This repository contains the information and scripts for analysis in Shim et al. (2021) and their results.
- The main manuscript and supplementary material
- the multiseq R package and its vignette.
- ATAC-seq data (hdf5 format) for nine samples can be downloaded from this link. These files have been converted from bam files using a script in multiseq_Shim_et_al/scripts/bamTOhdf5.md.
- ATAC-seq analysis
- Information on the 242,714 regions included in the analysis (the top 5% of regions with the highest chromatin accessibility) and results from the analysis are in multiseq_Shim_et_al/ATACseq/information_results.

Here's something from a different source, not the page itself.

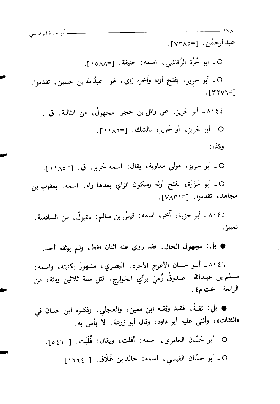 8046 - أبو حسان الأعرج الأحرد، البصري، مشهورٌ بكنيته، واسمه: مسلم بن عبد الله: صدوقٌ رُمِيَ برأي الخوارج، قتل سنة ثلاثين ومئة، من الرابعة. خت م 4.
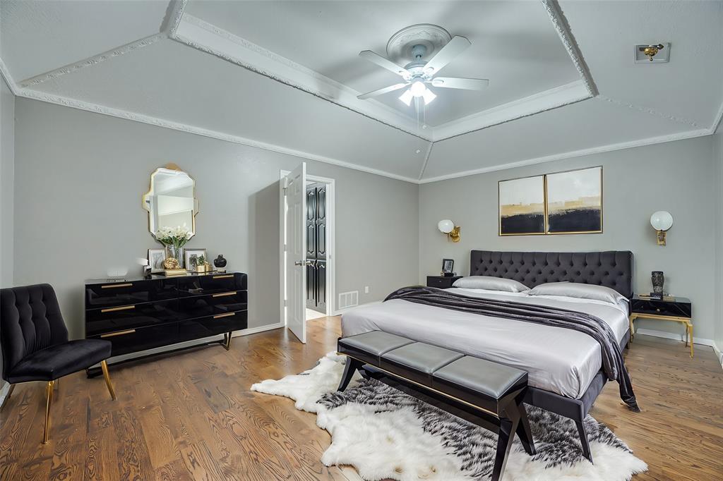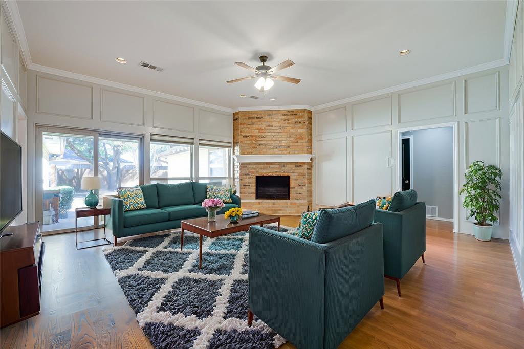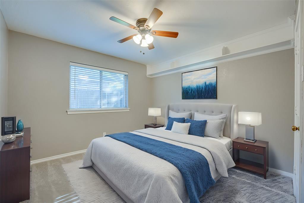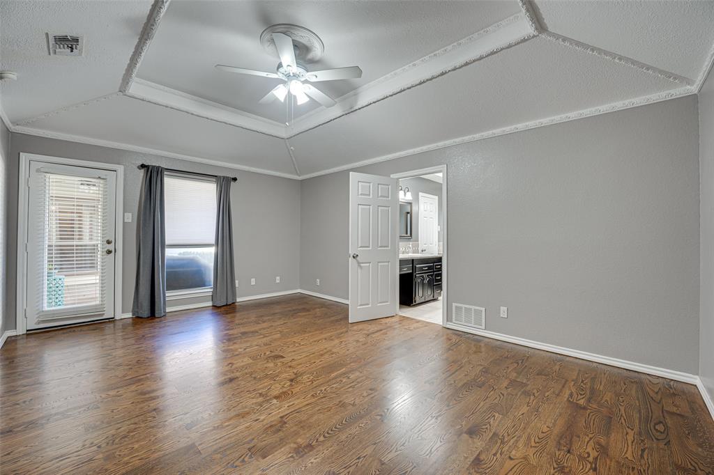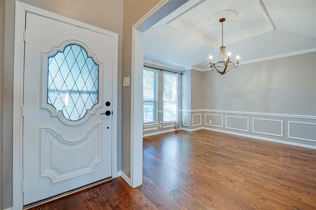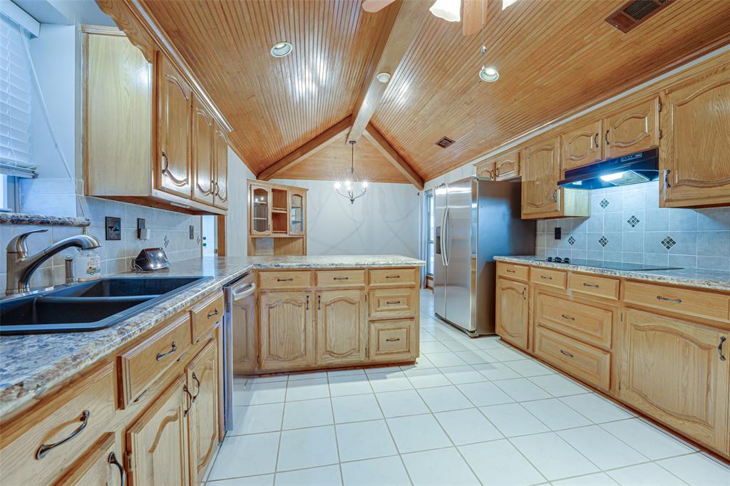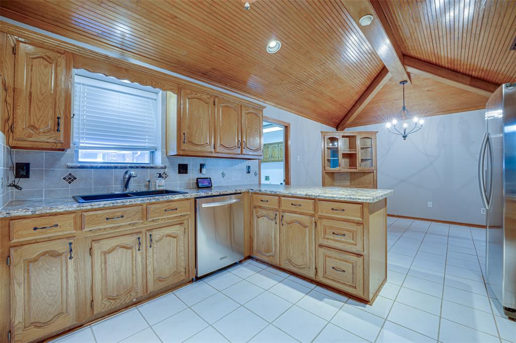 Spacious and full of charm, this single-story home offers comfort, character, and convenience—all on a quiet street near Lake Ray Hubbard. With 4 bedrooms and 3 full baths, there’s room for everyone and every occasion. Soaring ceilings, warm wood floors, and a cozy brick fireplace create an inviting living space, while the kitchen stands out with a vaulted wood ceiling, abundant cabinetry, updated lighting, and a breakfast nook for everyday meals. A formal dining room adds flexibility for entertaining or a home office setup. The well-maintained interior features recently stained real wood floors and new carpet in all bedrooms. The private primary suite includes exterior access, a custom closet, and a spacious ensuite bath. A standout feature is the oversized laundry room—complete with sink, storage, and a walk-in shower—ideal for pets, projects, or extra clean-up space. Outside, enjoy mature trees, a covered patio, a fenced yard, and a storage building. Located in desirable Toler Bay with quick access to PGBT and I-30.

- A script to for each region 1) extract ATAC-seq count data at the region on 6 samples (6 by 1024) from the hdf5 files and 2) do data-preprocessing as described in Shim et al (2021) is in multiseq_Shim_et_al/scripts/ATAC-seq.Rmd.
- Once we have the count data after the data-preprocessing, we can follow the vignette of the multiseq R package to 1) run multiseq, and 2) plot estimated effect sizes as shown in Shim et al (2021).
- Simulation procedure described in Shim et al (2021) has been implemented in the function
sample.from.Binomial.with.Overdispersion
of the multiseq R package. See the vignette of the multiseq R package to see how to use this function.
Copyright (c) 2021-2023, Heejung Shim
All source code and software in this repository is free software; you can redistribute it and/or modify it under the terms of the GNU General Public License as published by the Free Software Foundation; either version 3 of the License, or (at your option) any later version. See the LICENSE file for the full text of the license.